**** Supplied data
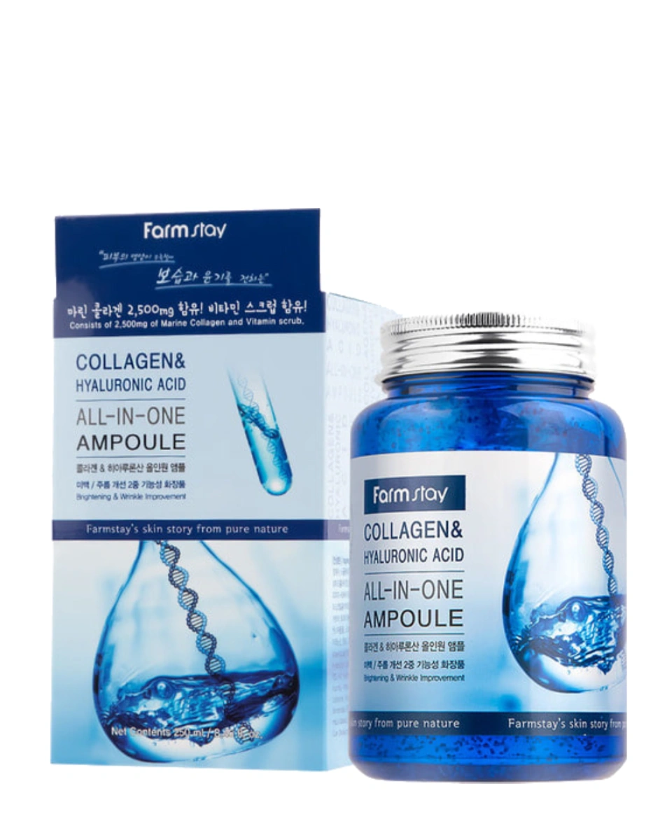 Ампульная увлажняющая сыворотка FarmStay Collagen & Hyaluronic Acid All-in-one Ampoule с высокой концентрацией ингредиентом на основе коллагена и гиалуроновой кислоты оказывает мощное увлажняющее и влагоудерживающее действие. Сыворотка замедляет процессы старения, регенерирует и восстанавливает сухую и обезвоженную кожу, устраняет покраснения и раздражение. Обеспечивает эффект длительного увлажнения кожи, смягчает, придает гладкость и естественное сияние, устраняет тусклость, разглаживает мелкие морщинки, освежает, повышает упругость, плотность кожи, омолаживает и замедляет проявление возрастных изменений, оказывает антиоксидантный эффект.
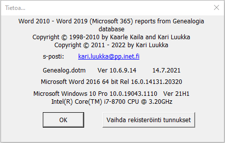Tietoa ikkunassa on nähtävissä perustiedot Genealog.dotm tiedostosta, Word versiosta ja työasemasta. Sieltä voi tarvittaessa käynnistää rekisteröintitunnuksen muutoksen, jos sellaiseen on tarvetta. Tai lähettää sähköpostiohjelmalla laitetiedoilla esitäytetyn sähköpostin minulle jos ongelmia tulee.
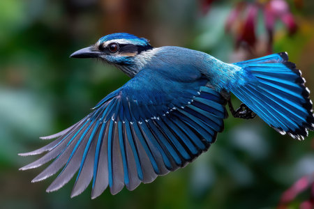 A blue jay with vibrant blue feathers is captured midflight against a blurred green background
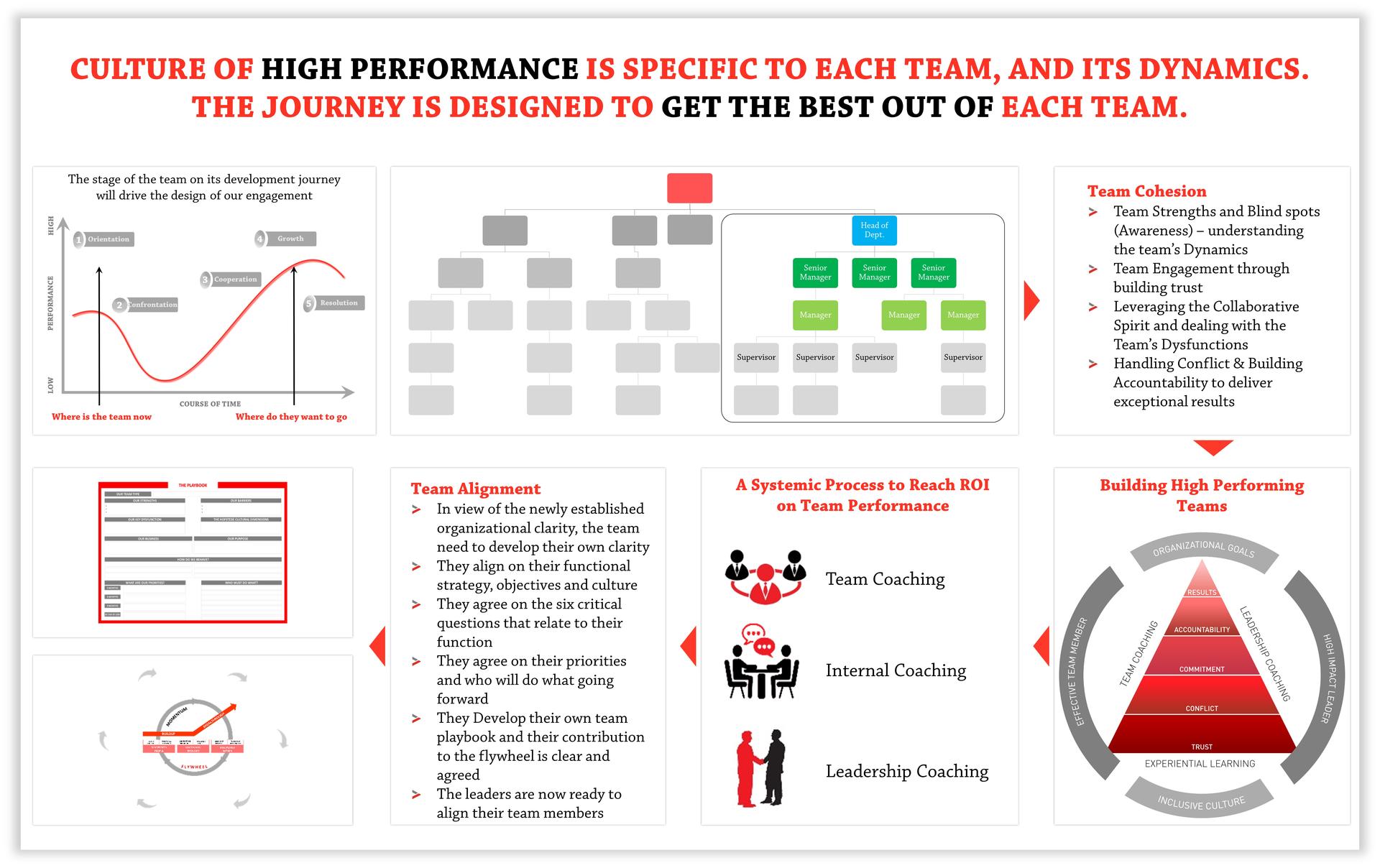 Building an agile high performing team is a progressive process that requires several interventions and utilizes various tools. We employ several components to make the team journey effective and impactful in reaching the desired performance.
********
__Exercise requirements__
Give again, word for word, the lines above from the one with "Tietoa ikkunassa on" through the final line of the data, both ends included. Do not copy any picture.

__Answer area__
Tietoa ikkunassa on nähtävissä perustiedot Genealog.dotm tiedostosta, Word versiosta ja työasemasta. Sieltä voi tarvittaessa käynnistää rekisteröintitunnuksen muutoksen, jos sellaiseen on tarvetta. Tai lähettää sähköpostiohjelmalla laitetiedoilla esitäytetyn sähköpostin minulle jos ongelmia tulee.
 A blue jay with vibrant blue feathers is captured midflight against a blurred green background
 Building an agile high performing team is a progressive process that requires several interventions and utilizes various tools. We employ several components to make the team journey effective and impactful in reaching the desired performance.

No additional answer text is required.